- **WORK ORDER**: Give back the data exactly, with no images.

- **RECORDED DATA**:
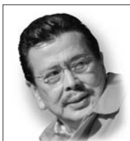
Former Pres. Joseph "Erap" Estrada
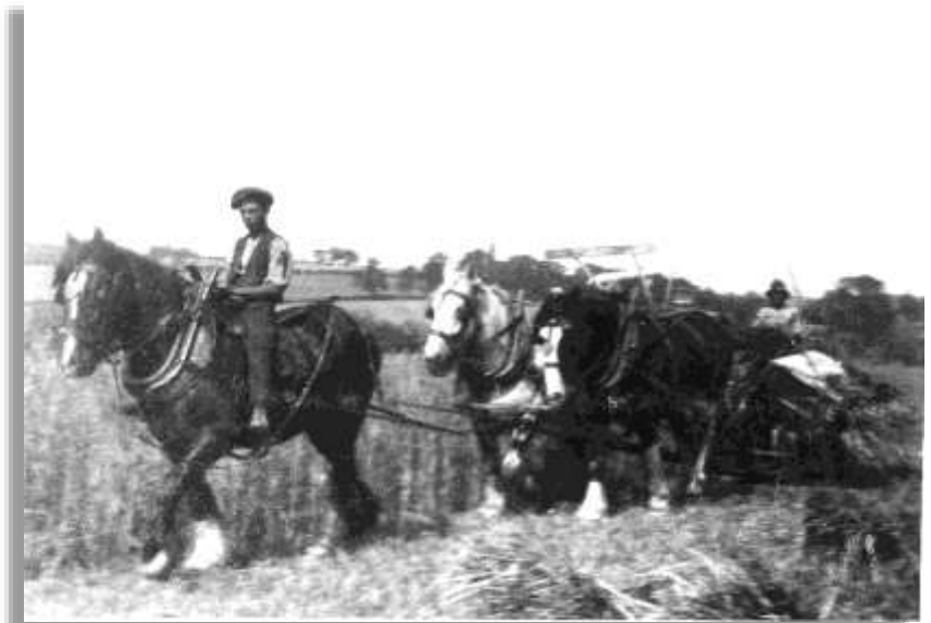
Ploughing in Robertsbridge – c. 1920
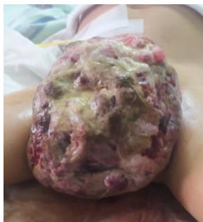
Figure 2: Clinical picture after 2 cycles of chemotherapy

Our patient had undergone intravenous chemotherapy for total of 6 cycles using CEBA (cisplatin, etoposide, bleomycin and doxorubicine) protocol. Reduction of tumor sizes were seen after the first 2 cycles of chemotherapy with CEBA protocol (FIGURE 2) and continued to shrunk after 4 cycles. (FIGURE 3 & 4)

- **RESULT OF THE TASK**:
Former Pres. Joseph "Erap" Estrada
Ploughing in Robertsbridge – c. 1920
Figure 2: Clinical picture after 2 cycles of chemotherapy

Our patient had undergone intravenous chemotherapy for total of 6 cycles using CEBA (cisplatin, etoposide, bleomycin and doxorubicine) protocol. Reduction of tumor sizes were seen after the first 2 cycles of chemotherapy with CEBA protocol (FIGURE 2) and continued to shrunk after 4 cycles. (FIGURE 3 & 4)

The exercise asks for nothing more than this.